18th March, 2022
Lagos, Kaduna, Cross River and Edo are the most indebted states to external creditors, according to the latest data released by the Debt Management Office DMO on Friday.
In external debt, Lagos owes $1.333 billion. It is followed by Kaduna with $595.1 million, Cross River $279.7 million and Edo $276.2 million.
The total external debt of states and the FCT amounted to $4.75 Billion, which is 12 percent of the total external debt of $38.3 billion.
The Federal Government has the biggest external debt of $33.62 billion.
Lagos also leads the states in accumulated domestic debt with a load of N658 billion.
Rivers is next with N225.5 Billion, followed by Ogun with N232 billion, Akwa Ibom N214.6 Billion.
Imo has a debt burden of N205 billion.
And following them in another league are Cross River N159.8 Billion, Bayelsa N154B, Delta N154 Billion, Plateau N150.4 billion.

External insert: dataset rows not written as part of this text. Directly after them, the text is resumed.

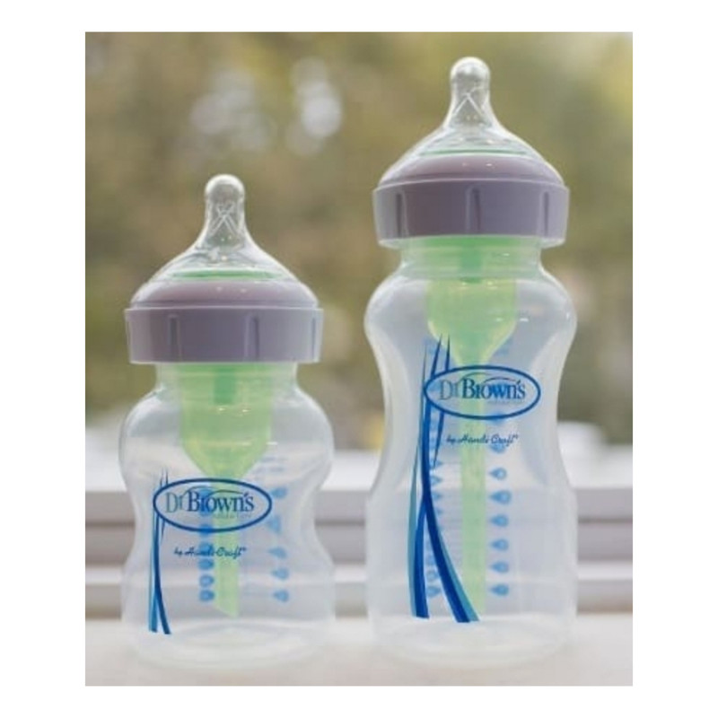 طراحی منحصر به فرد شیشه شیر آپشن پلاس دکتر براون از به وجود آمدن خلا و حباب هوا که در دیگر محصولات موجود وجود داشته جلوگیری می کند و هوا را به سمت جلو حرکت می دهد ، سپس هوا در سیستم مکش داخلی از شیر یا محتویات داخلی شیشه شیر جدا می شود و به بالای محفظه انتقال می یابد. بدین ترتیب شیردهی بسیار مناسب تر و راحت تر صورت می پذیرد و اثرات منفی حاصل از ایجاد خلا یا حباب هوا کاملا از بین رفته و به کاهش کولیک ، نفخ و بالا آوردن شیر و آروغ زدن کودک کمک می کند. شیر با محتویات غذایی به راحتی در مسیر سر شیشه جریان داشته و جریان هوا که در بالای محفظه شیشه ذخیره شده فشار مثبتی را جهت جلوگیری از چسبندگی سر شیشه ایجاد می کند در نتیجه مکیدن شیر به مراتب راحت تر بوده و از تجمع شیر در گوش نوزاد جلوگیری می کند (کاهش گوش درد نوزادان). شیشهشیرهای برند «دکتربراونز» از پلیپروپلین ساخته شده و سری سیلیکونی گرد دارند. طراحی گرد این سرشیشهها به این منظور صورت گرفته تا نوزاد هیچگونه تفاوتی بین آن و سینه مادر احساس نکند. جنس بدنه این شیشهها بهگونهای است که مواد مغذی شیر مانند ویتامین های A,E,C را تا 20 دقیقه در خود حفظ میکنند و مانع از جذب این ویتامینها و مواد مفید به بدنه شیشه میشوند. این شیشهها یک تفاوت عمده با سایر شیشهها دارند. در هر یک از این شیشهها یک لوله آنتیکولیک قرار داده شده است که از نفخ و کولیک معده جلوگیری میکند، با وجود این لوله احتمال هرگونه دل درد و نفخ در نوزاد به حداقل میرسد. نکته قابل توجه در این شیشهها تغذیه طولانیتر نوزاد است. تمامی محصولات برند «دکتر براونز» از جمله این شیشهشیرها فاقد ماده مضر BPA هستند. مجموعه دوتایی این شیشهشیرها در کنار مقرون به صرفه بودن آن، به شما این امکان را میدهد تا یکی از آنها را برای داخل خانه و یکی را برای بیرون و مهمانی استفاده کنید. شیشهشیر برند «دکتربراونز» کیفیت فوقالعاده بالایی داشته و مطابق با استانداردهای اروپا ساخته شده است. «دکتربراونز» یکی از برترین برندهای محصولات نوزاد در جهان شناخته شده است.
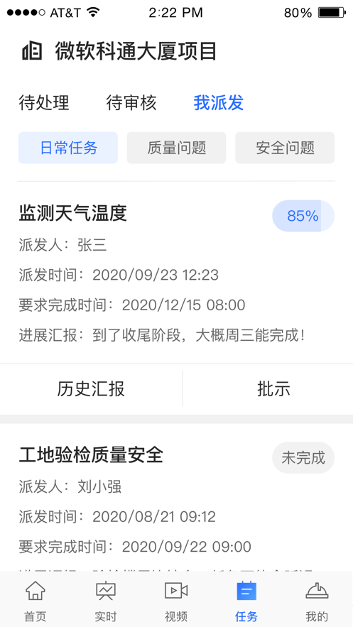 2、任务:对工地的任务流程进行管理,实现任务的分配、处理、审批、关闭;
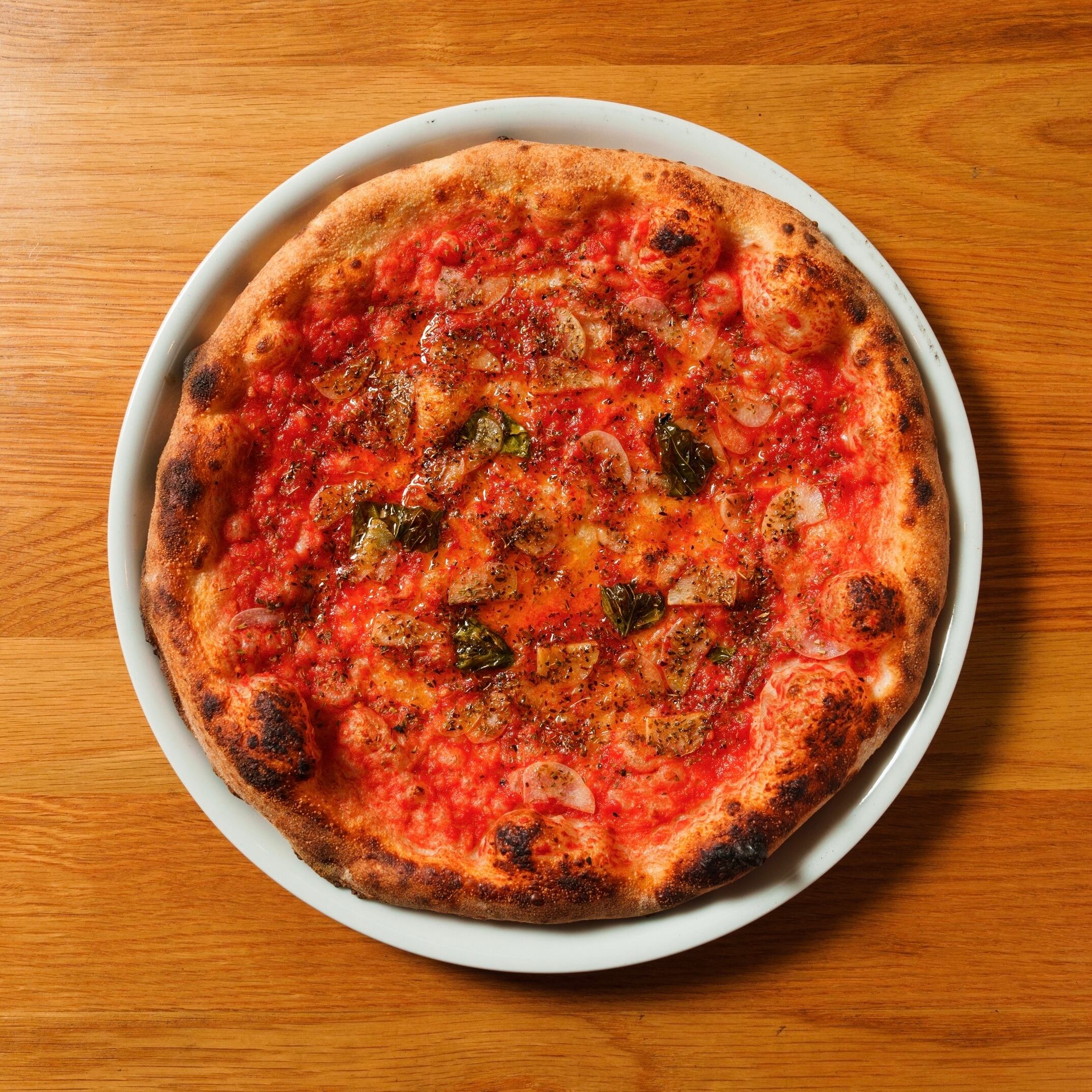 トマト、にんにく、オレガノを用いたシンプルなピッツァ。
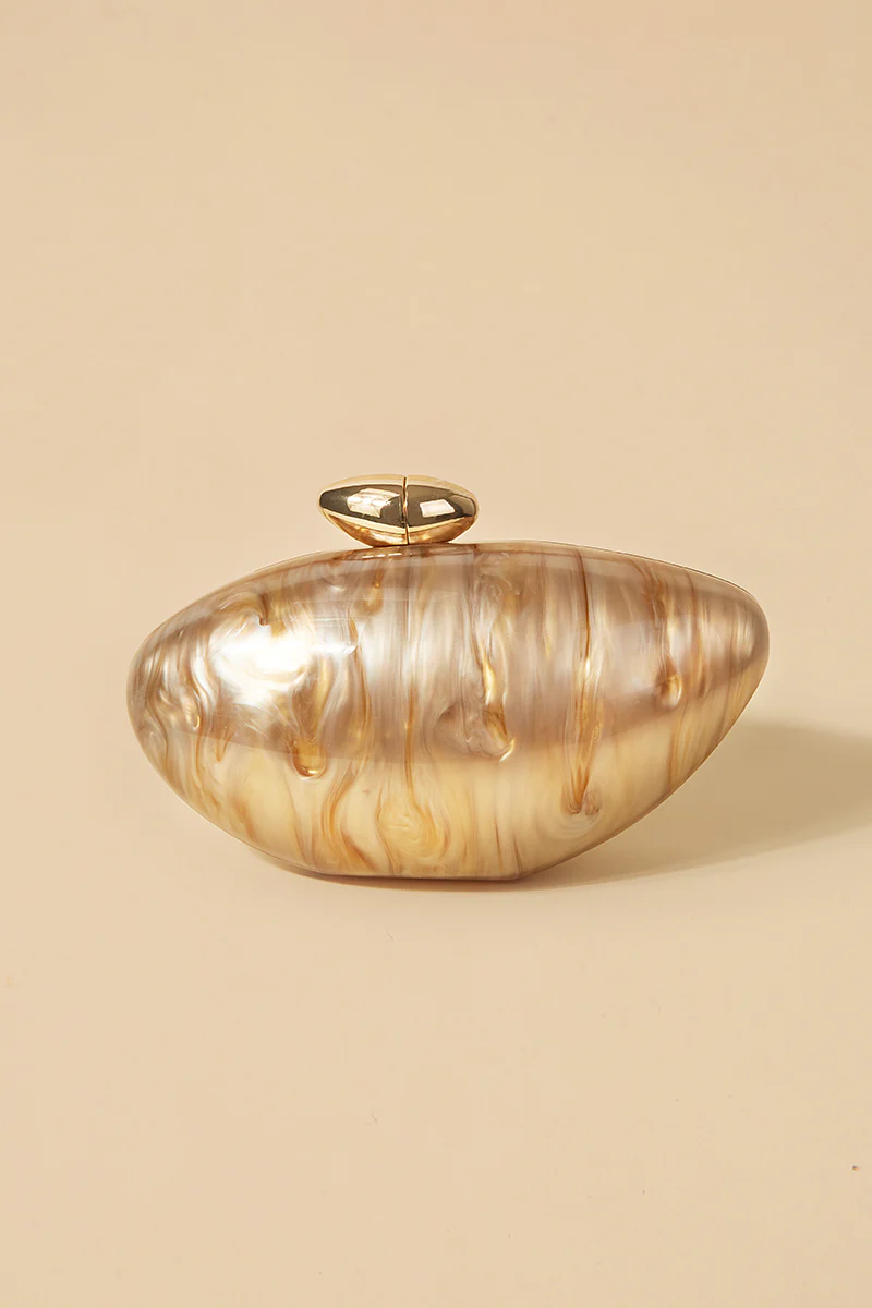 Bolso de fiesta para invitadas tipo caja en forma de concha.
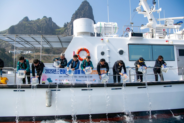 ◇지난해 4월 강원일보 창간 80주년 기념, 한국수자원공단 동해본부 동해생명자원센터와 강원일보가 공동으로 마련한 어린연어 울릉도 해역 방류 모습.
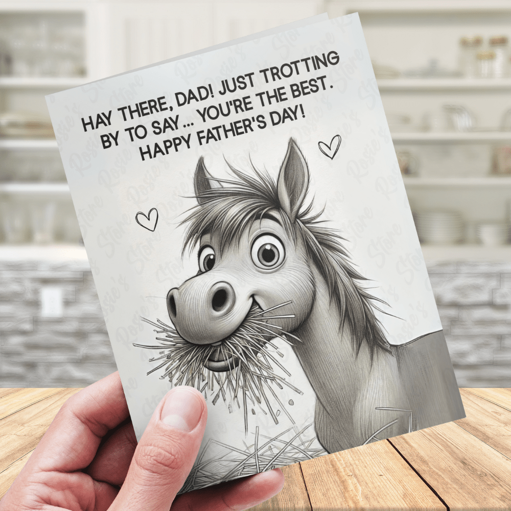 Celebrate Dad with a charming twist of humor and a whole lot of love! This adorable Father’s Day card features a pencil drawing of a cute horse munching on hay, paired with the punny message:

Osun has a debt overhang of N134 Billion and Oyo N142 billion.
The Federal Government is the baba of the debtors with N19.2 trillion, amassed through various instruments.

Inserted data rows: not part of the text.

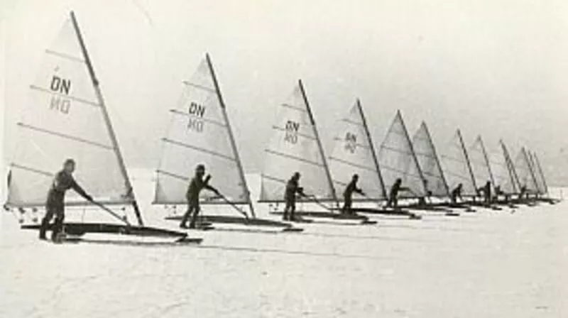 – У нас в Холмске море не замерзает, – объясняет Михаил Смоляков, – приходится ездить в Корсаковский район. Там Анивский залив к середине зимы покрывается прекрасным льдом. Главное в этом деле, чтобы его поверхность была чистой, без снега. На буерах мы и тренируемся, и проводим настоящие соревнования, как летом, с раздачей грамот и кубков. На этой старой фотографии самый первый спортсмен – это я. Фото было сделано лет двадцать назад на льду в том же Анивском заливе. С тех пор принцип использования буеров не поменялся.
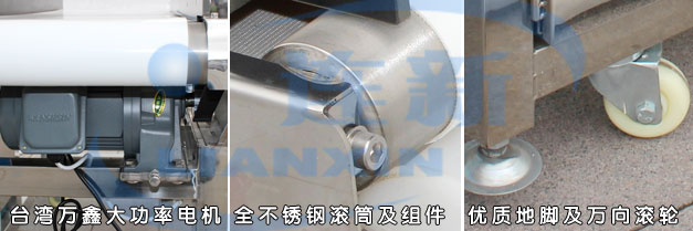 ■ 整機(jī)機(jī)架采用足3厘鏡面不銹鋼材料,傳送帶采用食品級(jí)白色PVC或PU皮帶,采用激光切割焊接技術(shù),日本品牌軸承及6厘厚無(wú)縫鋼管滾筒,采用日本三星同步帶及同步輪制作,德資JSCC品牌電機(jī);
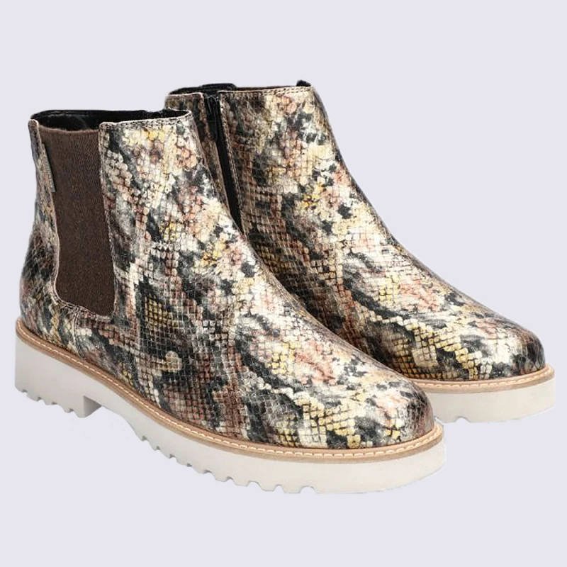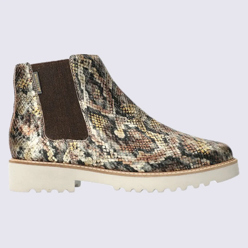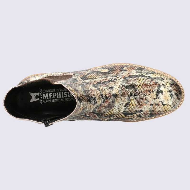 Ces bottines Chelsea de la marque Mephisto vont vous sĂ©duire par leur lĂ©gèretĂ© et leur look ultra-tendance. Le confort de vos pieds sera assurĂ© par sa doublure chaude et douce. Ces chaussures, composĂ©es de cuir, sont imprimĂ©es imitation reptile et multicolore.Â
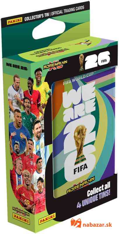 Zberateľské karty FIFA WORLD CUP 2026 - ADRENALYN. V plechovej krabičke je 32 kariet + 3 limitované karty.
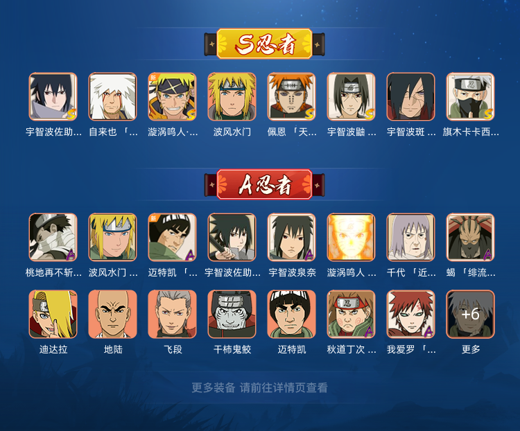 装备描述:8S⭐22A⭐百战鼬⭐死门凯⭐须佐卡卡西⭐须佐佐助⭐植物人⭐舍人
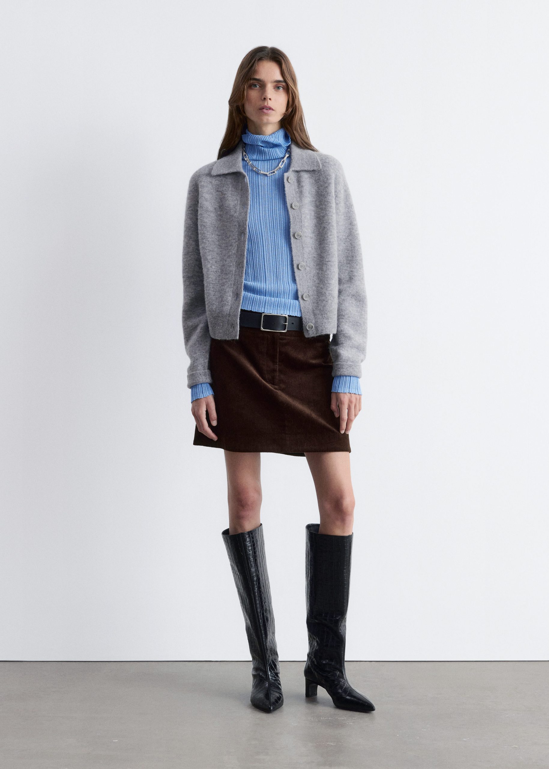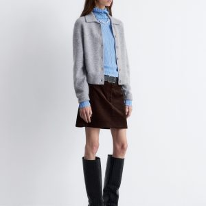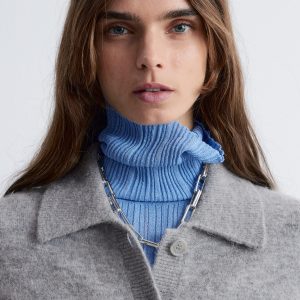 • Ribbed neckline, lapel, cuffs and hemline

According to the DMO, Nigeria’s total public debt grew to N39.556 Trillion or $95.779 Billion by December 2021.
The agency said the Public Debt Stock for December 31, 2021, includes New Borrowings by the FGN and the sub-nationals.
The FGN borrowed N5.489 Trillion to part finance the Deficit in the 2021 budget.

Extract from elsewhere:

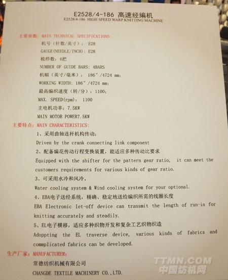 此次展會,常德紡織機械有限公司展出了E2528/4-186高速經編機等產品。
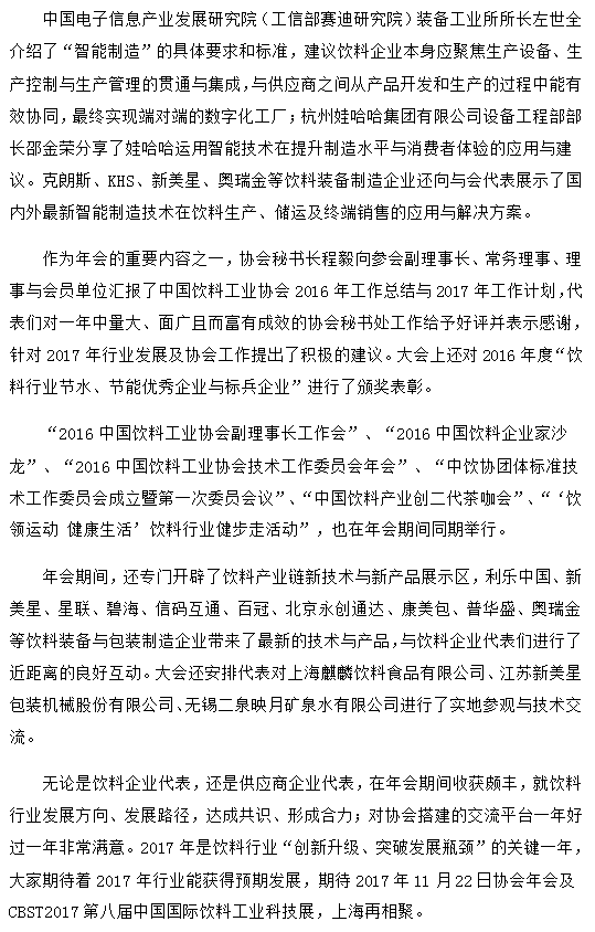 科学智能 做家人喜欢的饮料 ——2016中国饮料工业协会年会在张家港成功召开

“Borrowings for this purpose and disbursements by multi-lateral and bi-lateral creditors account for a significant portion of the increase in the Debt Stock”, DMO stated.
Increases were also recorded in the Debt Stock of the States and the FCT.
The New Borrowings were raised from diverse sources, primarily through the issuances of the Eurobonds, Sovereign Sukuk and FGN Bonds.
These loans were utilized to finance capital projects and support economic recovery, DMO said.
With the Total Public Debt Stock to Gross Domestic Product (GDP) as at December 31, 2021, of 22.47%, the Debt-to-GDP ratio still remains within Nigeria’s self-imposed limit of 40%.
This ratio is prudent when compared to the 55% limit advised by the World Bank and the International Monetary Fund (IMF) for countries in Nigeria’s peer group, as well as, the ECOWAS Convergence Ratio of 70%.
The Federal Government is mindful of the relatively high Debt-to-Revenue Ratio and has initiated various measures to increase revenues through the Strategic Revenue Growth Initiative and the introduction of Finance Acts since 2019, the DMO stated.